2.1 Numerical constraints on phase separation timescales
Numerous compaction models have been developed for application to geologic problems and include descriptions of phase separation driven by gravity (Bercovici et al. , 2001, Huber & Parmigiani, 2018, McKenzie, 1984, McKenzie, 1985, McKenzie, 2011, Ricard et al. , 2001) or by external stresses (Jackson et al. , 2018, Koenders & Petford, 2000, Petford et al. , 2020, Solano et al. , 2012). One of the ultimate challenges for these models is to calculate melt extraction timescales sufficiently low to coincide with petrologic observations. For instance, velocity and melt fraction averaged calculations performed by Bachmann and Bergantz (2004) as well as calculations from McKenzie (1985) and more recently Jackson et al. (2018) have been used to investigate the timescales required to separate large amounts of melt by compaction and found that in some cases such timescales are comparable to the longevity of the intrusive bodies hosting them (Bachmann and Bergantz, 2004; Lee and Morton, 2015). In all cases, these models use rheologic descriptions of the crystal matrix informed by viscous creep.
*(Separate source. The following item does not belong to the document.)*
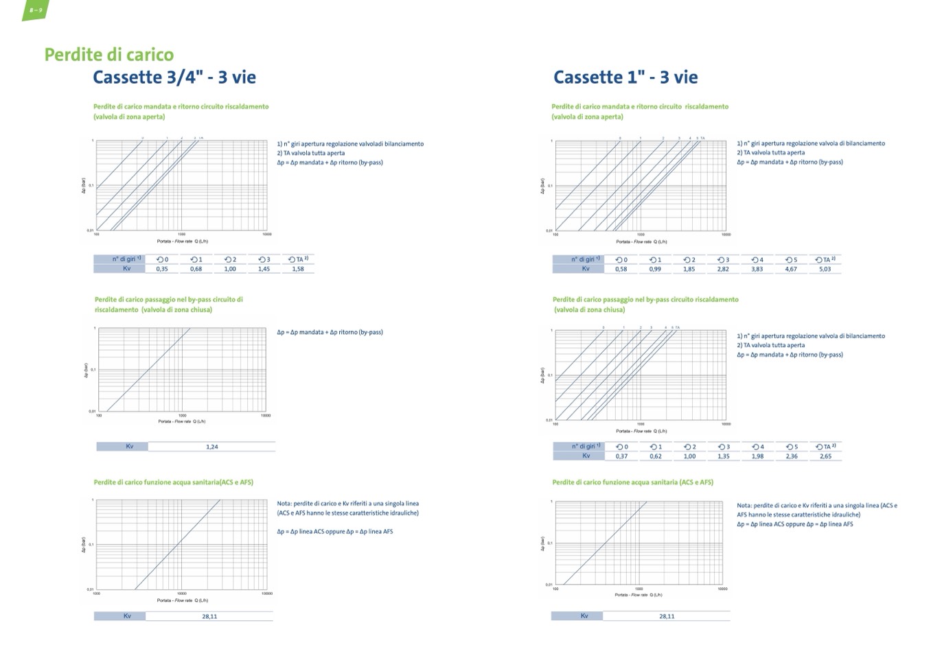 Nota: perdite di carico e Kv riferiti a una singola linea (ACS e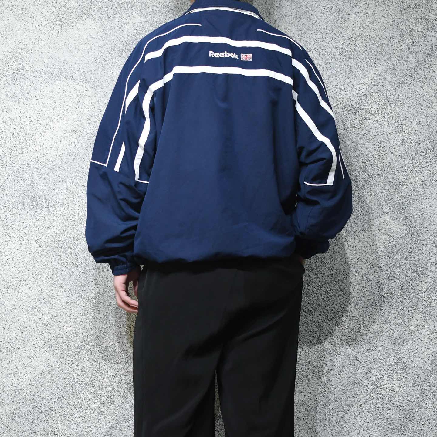古着 Reebok ナイロンジャケット ジャケット ブルゾン デザイン ネイビー

Other recent works have made strides towards developing compaction models equipped to capture the change in rheologic properties across a range of melt fractions. Wong and Keller (2022), for instance, parameterize the effective matrix viscosity – which relates to the ability of the matrix to resist reduction in melt fraction – such that at low melt fractions an endmember controlled by the creep of individual crystals is approached, while at large melt fractions phase separation is primarily governed by crystal settling. However, constraints on the effective matrix viscosity at melt fractions between these endmembers are necessary, as silicic, crustal magma systems are believed to spend the majority of their lifetime at intermediate melt fractions (Huberet al. , 2009, Szymanowski et al. , 2017). The timescales of melt segregation calculated by numerical compaction models are extremely sensitive to the effective matrix viscosity law used and its evolution as a function of melt fraction.